Kolejne obostrzenia w sporcie amatorskim. Siłownie i kluby fitness tylko dla olimpijczyków!

Kolejne obostrzenia w sporcie amatorskim. Siłownie i kluby fitness tylko dla olimpijczyków!
Autor:
Data publikacji:
Kategoria:
Potrzebujesz ok. 2 min. aby przeczytać ten wpis

Dla osób regularnie uczęszczających na siłownie i kluby fitness to doprawdy hiobowa wieść – od kilku dni wszystkie spośród obiektów sportowych dostępne są wyłącznie dla członków kadr narodowych w sportach olimpijskich! Na nic zda się zatem posiadanie licencji sportowych, które jeszcze do niedawna otwierały furtkę amatorom aktywności fizycznej z całego kraju. Czy to definitywny koniec kreatywnych rozwiązań, takich jak chociażby narodowa kadra w przeciąganiu liny?

Mimo że kluby fitness i siłownie od dłuższego czasu pozostają zamknięte, najbardziej zagorzałym miłośnikom ćwiczeń udało się znaleźć lukę w prawie, dzięki której mogli bez większych przeszkód kontynuować rutynowe treningi. Wszystko za sprawą przepisu stanowiącego, że z obiektów sportowych mogą korzystać członkowie dowolnej kadry narodowej. W pewnym momencie w naszym kraju ujawniło się więc mnóstwo reprezentantów w przeciąganiu liny i innych, niszowych dotychczas dyscyplinach. Do pewnego momentu wszystko przebiegało pomyślnie, ale teraz przed sportowcami pojawiła się poważna przeszkoda w postaci nowych obostrzeń.

Według wydanego w ubiegły czwartek rozporządzenia, od 2 kwietnia dopuszcza się korzystanie z obiektów sportowych wyłącznie kadrowiczów w dyscyplinach olimpijskich i paraolimpijskich. Ma to oczywiście związek ze znaczącym wzrostem zakażeń, wobec czego polski rząd decyduje się na podejmowanie coraz bardziej drastycznych środków. Nowe obostrzenia mają na celu także zapewnienie olimpijczykom jak największego stopnia bezpieczeństwa podczas przygotowań.

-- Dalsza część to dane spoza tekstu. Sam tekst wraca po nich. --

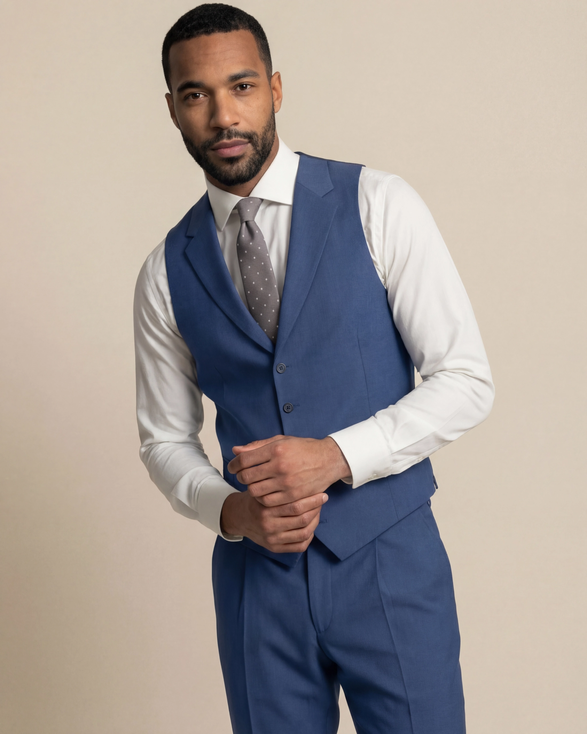 The Blue Waistcoat is a refined garment crafted from a wool and mohair blend that creates a lively texture and structured drape. This waistcoat pairs perfectly with tonal suits or contrasting pieces for a polished, elevated look. The luxurious fabric ensures comfort and durability while maintaining a crisp silhouette. Elegant tailoring and thoughtful design make it a standout choice for formal or semi-formal occasions.

Wprowadzone przed kilkoma dniami rozporządzenie z pewnością mocno wpłynie na całe środowisko sportu amatorskiego. Możliwość uczęszczania na siłownie i kluby fitness na mocy licencji sportowej była jednym z głównych powodów tego, że obiekty – pomimo trwających obostrzeń – wciąż tętniły życiem. Aktualnie liczba potencjalnych klientów została ograniczona do absolutnego minimum, w związku z czym zarówno właściciele biznesów w branży fitness, jak i entuzjaści aktywności fizycznej w różnym wydaniu mogą jedynie wyczekiwać na jak najszybszy powrót do choćby częściowej normalności.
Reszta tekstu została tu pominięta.